Arizona Football

Rich Rodriguez vows to learn from last season: ‘It’s awful. It’s embarrassing. It’s ridiculous.’

Rich Rodriguez talks on the Pac-12 Network from the league’s Media Days. (Pac-12 screenshot)

Arizona Wildcats football coach Rich Rodriguez likes to quote a moment from the movie “The Lion King.”

The monkey Rifiki hits the lion Simba on the head with his stick. Simba asks, “What was that for?” Rifiki answers, “It doesn’t matter. It’s in the past.”

That wasn’t RichRod’s message on Wednesday at Pac-12 Media Days in Hollywood.

Arizona is coming off a 3-9 season in which it didn’t do anything right — except for running for 511 yards to beat Arizona State in the season finale, 56-35, somehow dodging what would have been a winless conference season.

“You can take the approach that it didn’t happen, it’s in the past, but we can’t do that. It was there. And it’s going to be there until we start playing. We have to do what we have to do to learn from it,” Rodriguez said on the Pac-12 Network.

“There hasn’t been a day gone by since last season was over that I’m not ticked off, that the players aren’t ticked off, that the staff isn’t ticked off.

It’s awful. It’s embarrassing. It’s ridiculous. But you have to look inward first — what do we have to do to get better. I have been doing this for a long time, but I can’t sit back and say, ‘Well, we’ll keep doing the same thing and expect a different result. That’s insanity, right?”

Problem is, whether Arizona is looking in the past or peering to the future, the picture isn’t pretty.

The Wildcats were picked to finish last in the Pac-12 South in poll of league media. Seems fair. You can make a case for fifth — the argument being that Arizona State is in possible similar disarray — but to hope for much more enters you into the land of unicorns and rainbows.

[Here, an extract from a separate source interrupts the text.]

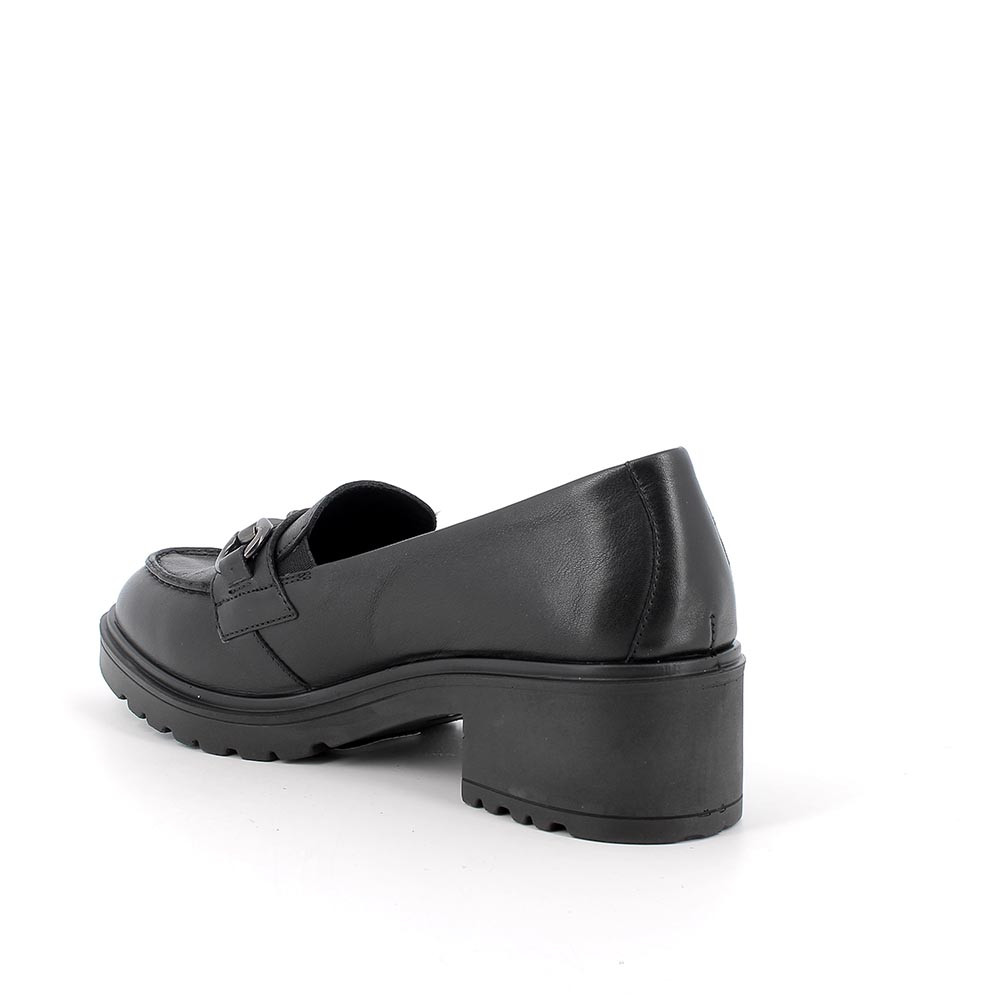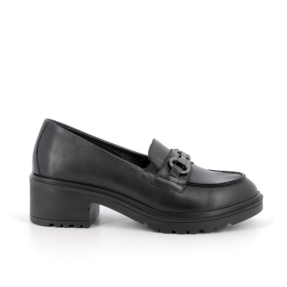 Mocassino in pelle, con tacco. Elastici per facilitare la calzata. Vaschetta e morsetto ornamentale. Adatto ad ogni occasione, con gonna o pantaloni. Sottopiede estraibile in pelle.

The Wildcats have few players ready for all-conference honors, no hot NFL Draft prospects for 2018, and the injury problems of the past two seasons already have begun to resurface before camp begins on Monday.

Linebacker DeAndre’ Miller — one of the few guys on defense who looks the part — might not be ready for the start of the season because of a foot injury. Junior college transfer Sione Taufahema, looked to as a needed mountain in the middle of the defensive line, should not be anointed as an immediate savior.

“He had a little injury issue, he gained a little bit of weight, so he’s got to drop some weight and get in shape before he can contribute,” Rodriguez said at Media Days. “But if he gets in shape in the next month, he can help us.”

What might be different moving forward?

Rodriguez, entering his sixth season, now acknowledges mistakes in recruiting strategy. When he assembled much of the old coaching gang from his West Virginia days, he abandoned recruiting in the state of Texas and largely ignored a Polynesian pipeline that had been so good to Arizona, especially during the Dick Tomey era.

That he has come around in both areas shows that he is looking to the past and learning. But is it too late? Arizona football is in this predicament because of substandard recruiting. Fixing that is the only way out.

One thing that won’t change — for better or worse, you could argue — is Rodriguez’s intensity.

Fifth-year offensive lineman Jacob Alsadek was asked about his career in an interview on the Pac-12 Networks.

“Coach Rod being so intense,” he said.

“I’ve never experienced that in my life. Just seeing somebody scream at (former quarterback) BJ Denker like he would scream at BJ Denker was definitely something that I will always remember.

“When we do offensive meetings, if we had a bad game, everybody dreads that so much. You’re like, ‘Oh god, I’m going to get reamed for this play, this play, this play, whatever. He’s a very intense man. It makes you want to play for him, though.

“He wants to win so bad. And that is something that is really important to all of us. You see that drive from him, it makes you want to work as hard as does to win.”